- [Task prompt] Only the lines in the entries below from the line with "Brand new zara" to the line with "Найпрекрасніший перепочинок дня: високоякісною", both included, belong in the answer, transcribed exactly and without pictures.

- [Data for review]
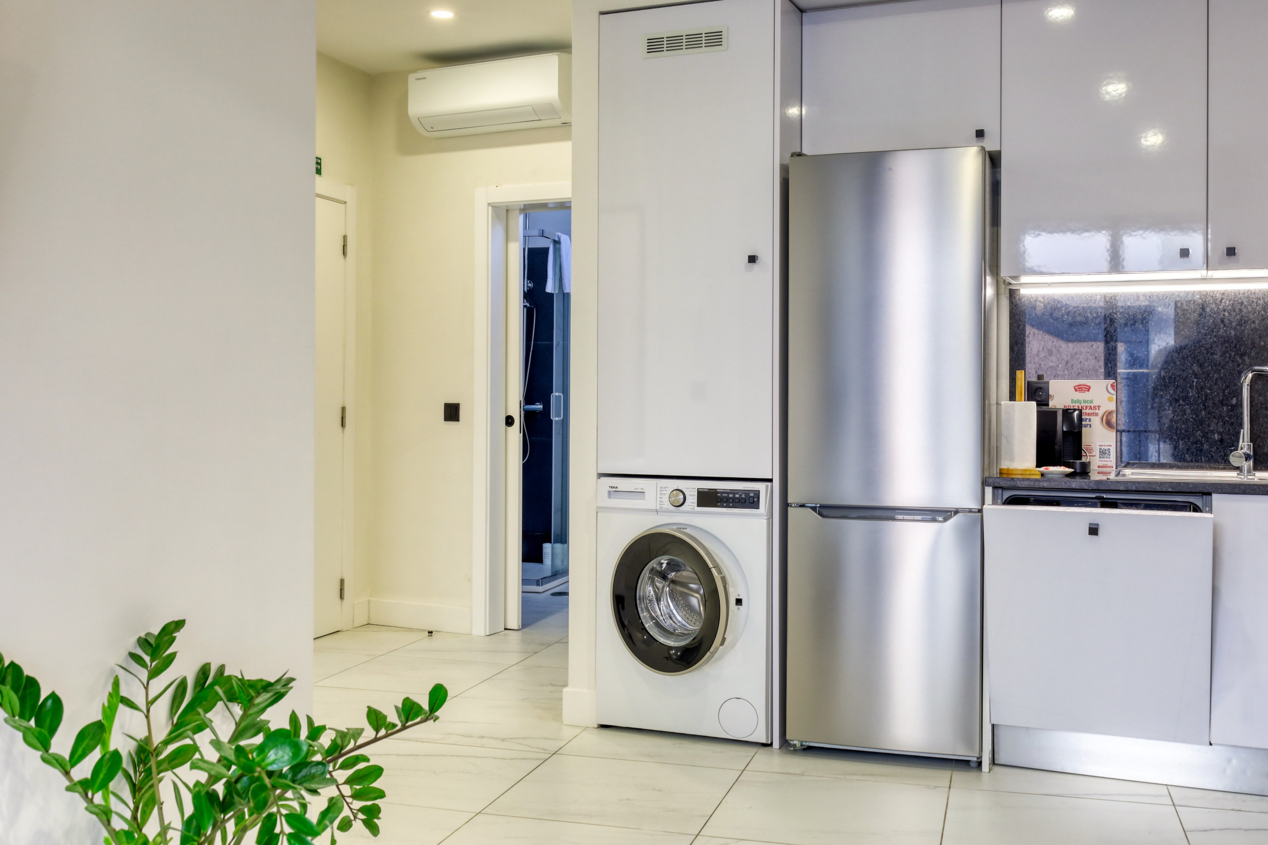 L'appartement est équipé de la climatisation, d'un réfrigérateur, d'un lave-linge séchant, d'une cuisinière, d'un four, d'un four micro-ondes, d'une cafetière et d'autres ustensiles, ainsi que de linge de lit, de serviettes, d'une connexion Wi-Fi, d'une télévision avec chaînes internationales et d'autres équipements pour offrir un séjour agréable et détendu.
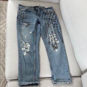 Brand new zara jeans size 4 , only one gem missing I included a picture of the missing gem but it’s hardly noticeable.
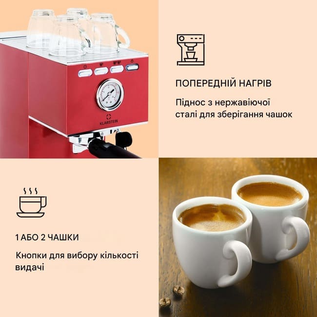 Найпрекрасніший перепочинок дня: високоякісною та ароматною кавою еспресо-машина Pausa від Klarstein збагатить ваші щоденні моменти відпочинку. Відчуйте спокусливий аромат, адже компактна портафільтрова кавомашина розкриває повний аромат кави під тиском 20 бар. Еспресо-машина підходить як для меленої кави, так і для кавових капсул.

==

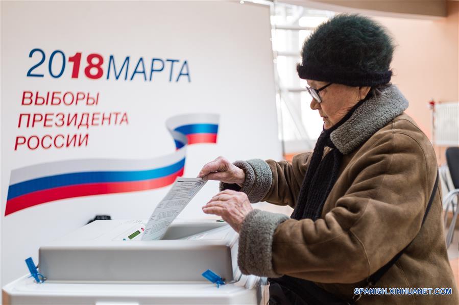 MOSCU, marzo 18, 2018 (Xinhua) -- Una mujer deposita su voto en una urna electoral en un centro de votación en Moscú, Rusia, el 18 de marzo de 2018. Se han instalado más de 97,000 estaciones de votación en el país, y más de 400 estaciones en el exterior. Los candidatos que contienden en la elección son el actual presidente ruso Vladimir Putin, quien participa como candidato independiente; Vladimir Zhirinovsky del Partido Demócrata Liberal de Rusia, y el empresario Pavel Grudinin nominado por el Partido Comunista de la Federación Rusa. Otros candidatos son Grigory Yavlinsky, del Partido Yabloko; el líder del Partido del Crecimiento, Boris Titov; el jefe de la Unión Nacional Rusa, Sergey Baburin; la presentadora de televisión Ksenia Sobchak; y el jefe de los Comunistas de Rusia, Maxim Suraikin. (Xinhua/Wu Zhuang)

==

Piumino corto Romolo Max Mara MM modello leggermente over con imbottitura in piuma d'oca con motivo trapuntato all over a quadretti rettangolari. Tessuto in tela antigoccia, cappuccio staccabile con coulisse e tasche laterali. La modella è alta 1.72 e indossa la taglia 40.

- [Output below]
 Brand new zara jeans size 4 , only one gem missing I included a picture of the missing gem but it’s hardly noticeable.
 Найпрекрасніший перепочинок дня: високоякісною та ароматною кавою еспресо-машина Pausa від Klarstein збагатить ваші щоденні моменти відпочинку. Відчуйте спокусливий аромат, адже компактна портафільтрова кавомашина розкриває повний аромат кави під тиском 20 бар. Еспресо-машина підходить як для меленої кави, так і для кавових капсул.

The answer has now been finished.